Виласе поручено было справиться относительно помещения под лабораторию, и управляющий; крайне польщенный, готов был проявить неутомимое усердие. Однако для начала он хотел бы знать: что, наш доктор собирается открыть там клинику?

Нет, Карлос не собирался открывать клинику в собственном смысле этого слова. Но он будет принимать больных, и даже бесплатно, с благотворительной целью и для практики. Тогда Виласа дал понять, что в этом случае приемная должна помещаться отдельно от лаборатории.

— Иначе, по моему разумению, вид всех этих инструментов, приборов и машин может отпугнуть пациентов…

— Ты прав, Виласа! — воскликнул Афонсо. — Еще мой отец говорил: не показывайте быку кувалду.

— Отдельное, непременно отдельное помещение, — убежденно подхватил управляющий.

Карлос согласился с его доводами. И Виласа подыскал для лаборатории бывший склад, просторный и обособленный, в глубине двора, рядом с площадью дас Несесидадес.

— А врачебный кабинет, сеньор, у вас будет в другом месте, и в каком! В центре Росио!

Усердие Виласы не было вовсе бескорыстным.
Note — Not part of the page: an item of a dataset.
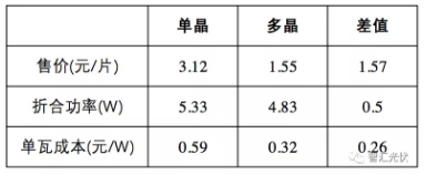 从上表可以看出,由于单晶硅片和多晶硅片的价差较大,在组件端形成0.26元/W的价差。

Горячий приверженец «Альянса», член партии прогрессистов, Виласа-младший жаждал быть избранным в муниципальный совет, а в дни своих наивысших успехов (например, когда его юбилей был отмечен в «Обозрении» или когда единомышленники аплодировали его выступлению о Бельгии) он даже думал, что при его способностях его партия могла бы обеспечить ему местечко в Сан-Бенто. Бесплатный врачебный кабинет на Росио, консультации доктора Майа, «сеньора Майа», послужили бы влиятельной силой в осуществлении его надежд. И потому Виласа возликовал, когда два дня спустя ему удалось снять угловые апартаменты на втором этаже.

Карлос оборудовал их, не щадя затрат. В прихожей, где стояли обитые сафьяном банкетки, пациентов должен был встречать слуга в ливрее — на французский манер. Приемная радовала глаз зелеными обоями с серебристыми цветочными узорами, ее украшали руанские вазы с декоративными растениями, красочные картины, мягкие кресла, придвинутые к столику, на котором были разложены комплекты «Шаривари», фотографии для рассматривания в стереоскоп, альбомы с полуголыми актрисами; и фортепьяно сверкало белыми клавишами, дабы окончательно изгнать скорбный дух, присущий обители недугов.

Кабинет, где Карлос должен был принимать пациентов, выглядел более скромно, даже аскетично: обитая темно-зеленым бархатом мебель, шкафы черного дерева. Несколько друзей из окружения Карлоса — Тавейра, его однокашник и сосед, Кружес, маркиз де Соузелас, с которым он путешествовал по Италии, — пришли поглядеть на все эти чудеса. Кружес пробежался по клавишам фортепьяно и обнаружил, что оно расстроено; Тавейра погрузился в разглядывание актрис; и лишь маркиз, единственный, удостоил Карлоса сомнительной похвалой: он не сводил глаз с кабинетного ложа, явно более уместного в гареме — столь оно было обширно, пышно и взывало к наслаждениям, — затем, опробовав податливость его пружин, маркиз подмигнул Карлосу и произнес:

— Подходяще.

Похоже, друзья не верили в серьезность всех этих приготовлений. Но Карлос был искренне увлечен предстоящей практикой: он даже велел дать объявление в газетах, однако, увидев свое имя, набранное жирным шрифтом, рядом с именем владелицы прачечного заведения и рекламой пансиона, он послал Виласу аннулировать данное им объявление.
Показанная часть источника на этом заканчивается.